### Task requirements
Look through the listing below and write out exactly the lines from the line with "Set da conversazione" to the line with "Dus deze week", both included, and no others.

### Source data

* * * * * * * * *

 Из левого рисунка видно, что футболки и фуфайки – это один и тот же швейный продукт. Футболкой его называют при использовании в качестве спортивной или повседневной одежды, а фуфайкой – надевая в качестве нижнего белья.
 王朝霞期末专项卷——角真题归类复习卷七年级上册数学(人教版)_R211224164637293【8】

* * * * * * * * *

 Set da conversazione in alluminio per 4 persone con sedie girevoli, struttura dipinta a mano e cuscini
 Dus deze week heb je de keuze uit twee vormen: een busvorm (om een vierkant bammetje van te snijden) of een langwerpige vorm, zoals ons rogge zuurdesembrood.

* * * * * * * * *

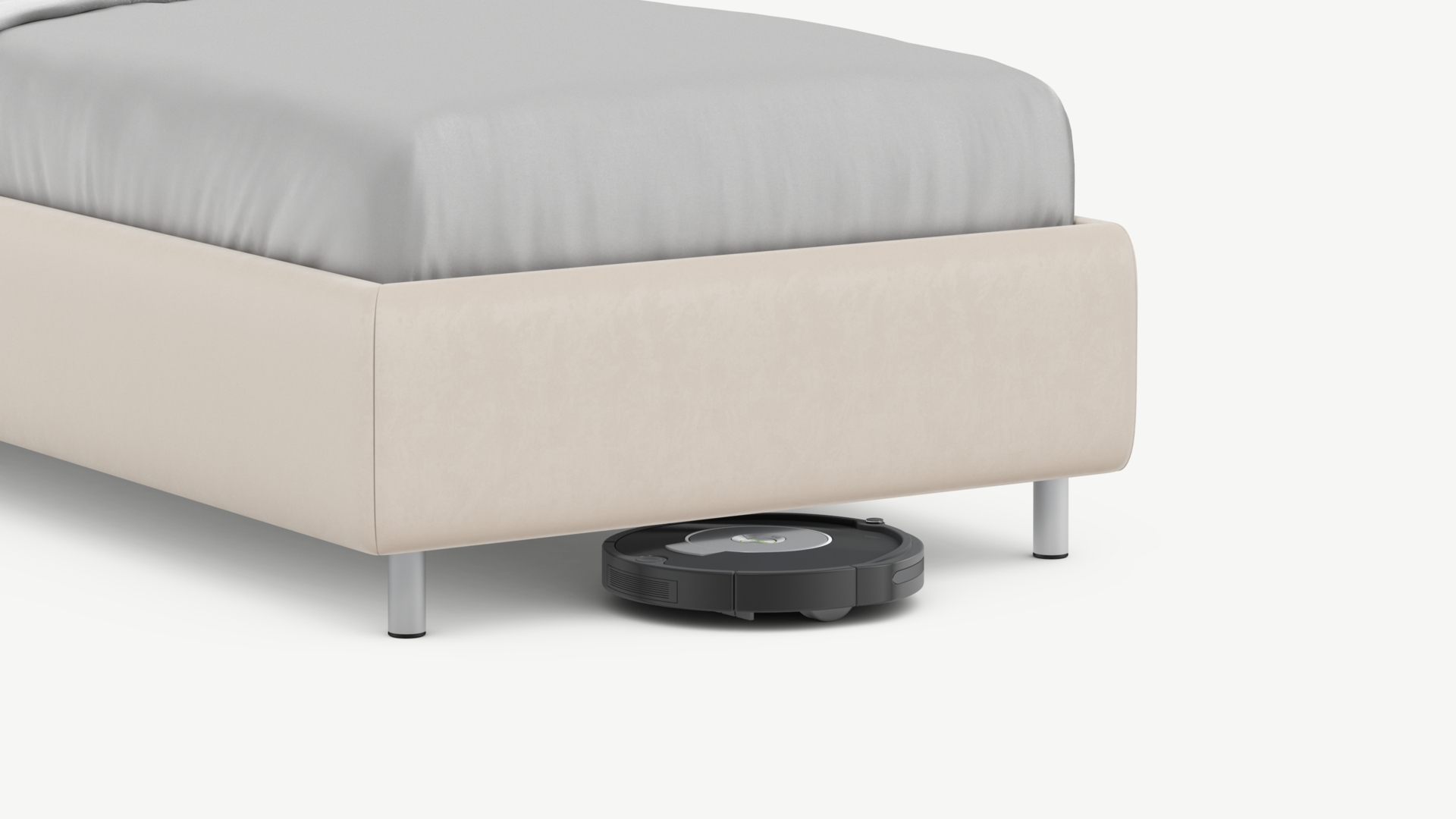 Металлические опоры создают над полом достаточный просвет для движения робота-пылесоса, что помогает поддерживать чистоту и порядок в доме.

* * * * * * * * *

### Finished exercise
 Set da conversazione in alluminio per 4 persone con sedie girevoli, struttura dipinta a mano e cuscini
 Dus deze week heb je de keuze uit twee vormen: een busvorm (om een vierkant bammetje van te snijden) of een langwerpige vorm, zoals ons rogge zuurdesembrood.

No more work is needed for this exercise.